Original Item: One-of-a-kind. IMA has acquired a collection of authentic American Revolutionary War weapons which, for the past 20 years, have been on display at the Princeton Battlefield State Park Clarke House Museum located in Princeton, New Jersey. This musket was part of that renowned collection.

This .75 caliber smoothbore weapon closely resembles a Short Land pattern British Brown Bess musket and was made by John Clark of London between 1777 and 1785 (1). It has a 42 inch barrel with four ramrod guides as all Short Land guns, lacks an escutcheon plate, and is equipped with what is termed India pattern furniture. The British East India Company was in essence a private corporation so powerful that it was permitted to organize and equip a private army to protect its' overseas enterprises. By the mid-1770's the weapons made for these forces had evolved to a point where they were similar to the Brown Bess but had a shortened barrel and simplified brass fittings (2). While many British gunmakers of the Revolutionary War era used brass parts similar to those of the India pattern, the British Ordnance Department didn't officially sanction muskets with this style brass furniture until well after the end of the American Revolution (3).
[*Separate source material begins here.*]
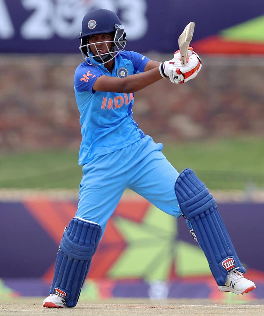 45 ಎಸೆತಗಳಲ್ಲಿ 10 ಬೌಂಡರಿಗಳ ನೆರವಿನಿಂದ ಅಜೇಯ 61 ರನ್ ಗಳಿಸಿದ ಶ್ವೇತಾ ಅವರು ಭಾರತದ ಗೆಲುವಿನ ಹಾದಿಯನ್ನು ಸುಗಮಗೊಳಿಸಿದರು. ಸೌಮ್ಯಾ ತಿವಾರಿ 22 ರನ್ ಗಳಿಸಿದರು.

When the American War for Independence started, British weapons were in short supply and thus the Ordnance Department found it necessary to buy guns wherever they could be found. Whether the Ordnance Department purchased weapons from the East India Company is uncertain but it is known that they bought thousands of guns from private British contractors as well as other European countries (4). It is quite possible that the weapons bought from these British contractors contained brass parts similar to those on East India Company pattern guns. The result was that the British soldiers marched off to war with an assortment of muskets that were not always in compliance with Ordnance standards.


This musket is engraved CLARK on the lockplate. It has LONDON stamped on the barrel in addition to the standard private British proofmarks. The buttplate has a N.Y. 24 designation, as well as the number 39 stamped into the stock and sideplate. Since John Clark of London operated both before and during the Revolution, there is reason to believe that this weapon saw use here during the war (5). Several specimens of this type musket are known to exist. Norm Flayderman, perhaps the world's most renown antique arms dealer, has cataloged three examples of these  N.Y. marked muskets. All three lack an escutcheon plate, have 42 inch barrels, India pattern furniture, and New York designations on the buttplates. Two of these muskets have the name "CLARK" on the lockplate and one has the standard " CROWN/ GR ". Mr. Flayderman wrote that these muskets were of the "... type that saw service in Colonial Revolutionary America "(6).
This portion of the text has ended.